Далее я встречаю Блеша в синем спортивном костюме. Он прыгает, пыхтя как паровоз. Семьдесят четыре года. Когда ему говорят, что по виду не скажешь, краснеет от удовольствия. Смысл его жизни — выглядеть моложе всех нас. Старый болван. Ну да ладно. В конце аллеи, обсаженной гвоздиками, замечаю Ламиру за его мольбертом, он корпит все над той же картиной.

— Не удается передать этот розовый цвет, — говорит он.

Кончиком кисти он терпеливо смешивает на палитре краски, чтобы обрести желаемый оттенок. Я завидую ему: в поисках ускользающей гаммы утро для него пройдет незаметно.

Воздух под деревьями теплый, благоухающий. Будь мне лет так двадцать, и я захотел бы, улегшись на лужайке, ни о чем не думать. Ни о чем не задумываться можно, когда впереди долгое будущее. А вот когда будущего нет!..

Одиннадцать. Консьерж раздает почту. Я писем не жду. Впрочем, и никто на самом деле ничего не ждет. Конечно, дети пишут. Но у них своя жизнь, а кому под силу рассказать свою жизнь? Они сообщают новости. Это я уже проходил. В своих письмах родителям я ограничивался информацией: встретил такого-то… отнес рукопись в издательство «Галлимар»… подыскал новую комнату, получше… короче — сводками, за которыми прячется молодой человек, доверяющий лишь самому себе. Так оно всегда и бывает. Я ловлю обрывки разговоров: «Полина ждет ребенка к зиме…», «Жак намерен провести месяц в Лондоне». Им этого хватает. Тем лучше. Я же предпочитаю, чтобы мне никто не писал.

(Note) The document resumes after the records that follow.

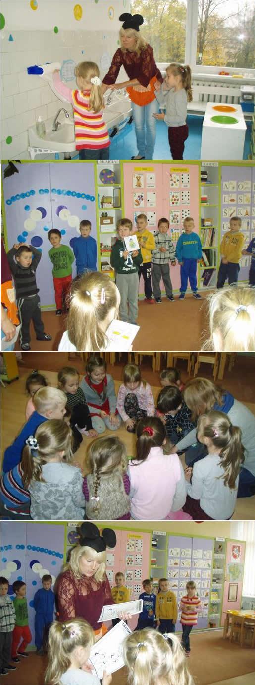 Priešmokyklinuki dainavo, skaičiavo, sprendė galvosūkius, žaidė judriuosius žaidimus. Prisiminė sveiką maistą, minė mįsles apie vaisius ir daržoves. Prieita bendros nuomonės, kad vanduo yra gyvybės ir sveikatos šaltinis. Vaikų teigiamos emocijos, gera nuotaika, fizinis aktyvumas leido suprasti, jog valandėlė buvo įdomi ir naudinga.
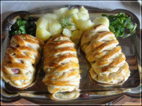 z farszem, kiedyś odgrzewałam upieczone ciasto francuskie w mikrofali i
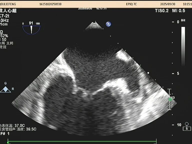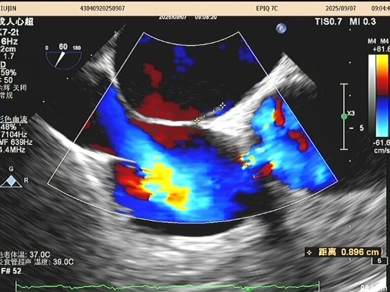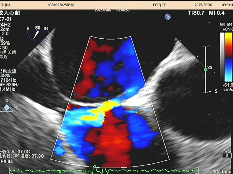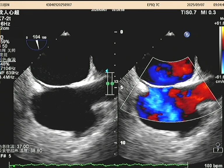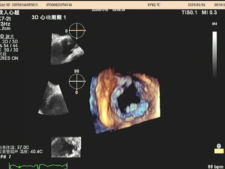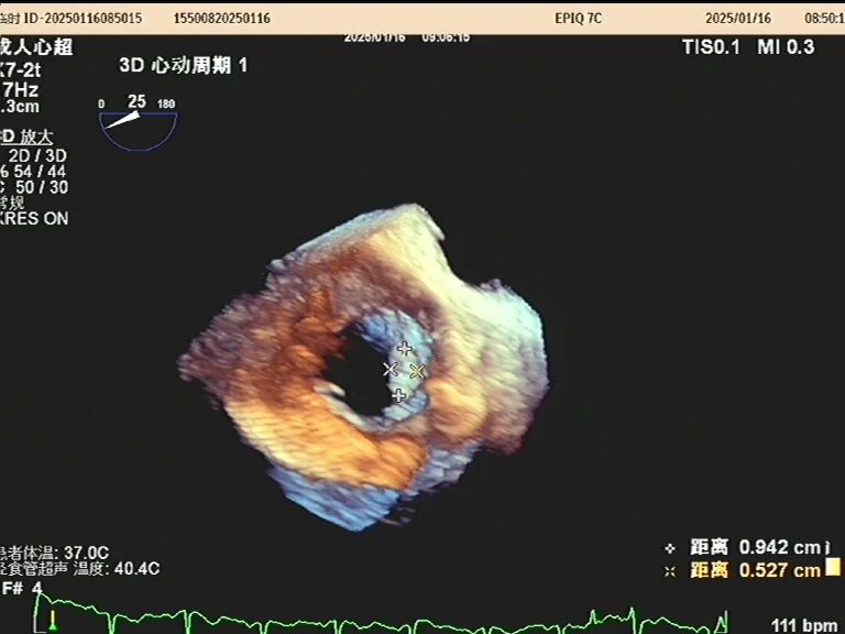 于是,一根如面条般柔软、顶端带着微型摄像头的探头,会从您的口腔缓缓进入食道。这个位置堪称完美,探头能紧贴着心脏,利用超声波为其拍摄一场无死角、超高清的“内部直播”。以前藏在背后的细微结构比如心耳里是否藏有血栓、人工瓣膜是否严丝合缝、心脏瓣膜上的小赘生物,此刻都一览无余。

Еще один круг по парку, в попытке расходить эту ногу, которую уже несколько недель донимает седалищный нерв. Едва почувствовав, что остаюсь один — редкость в этом доме, где все наблюдают за всеми, — я позволяю себе прихрамывать. На мгновение вступаю в сделку с болью, сбрасываю с себя маску человека, умеющего ее преодолевать. А если мне легче, когда на каждом шагу лицо искажается гримасой боли? Если мне нравится хотя бы до конца аллеи побыть старым хрычом? Потом-то я стану лишь небрежно опираться на трость, чтобы они говорили между собой: «Все-таки он еще держится, старина!» — «Верно, ведь если бы он по-настоящему страдал от боли, то выглядел бы иначе!» Здесь, как и повсюду, но, возможно, больше, чем повсюду, — горе побежденным!

До полудня осталось четверть часа. Возвращение прогулочным шагом. Тут все идет в счет! Оса, за которой следишь глазами; радуга, плавающая над водной пылью фонтанчика для полива… Каждая деталь, привлекающая ваше внимание, спасительна. А между тем что такое четверть часа? Или, скорее, что это было раньше? Время выкурить сигарету. Но я больше не курю. Единственная радость, обещанная в конце этой четверти часа, — обед.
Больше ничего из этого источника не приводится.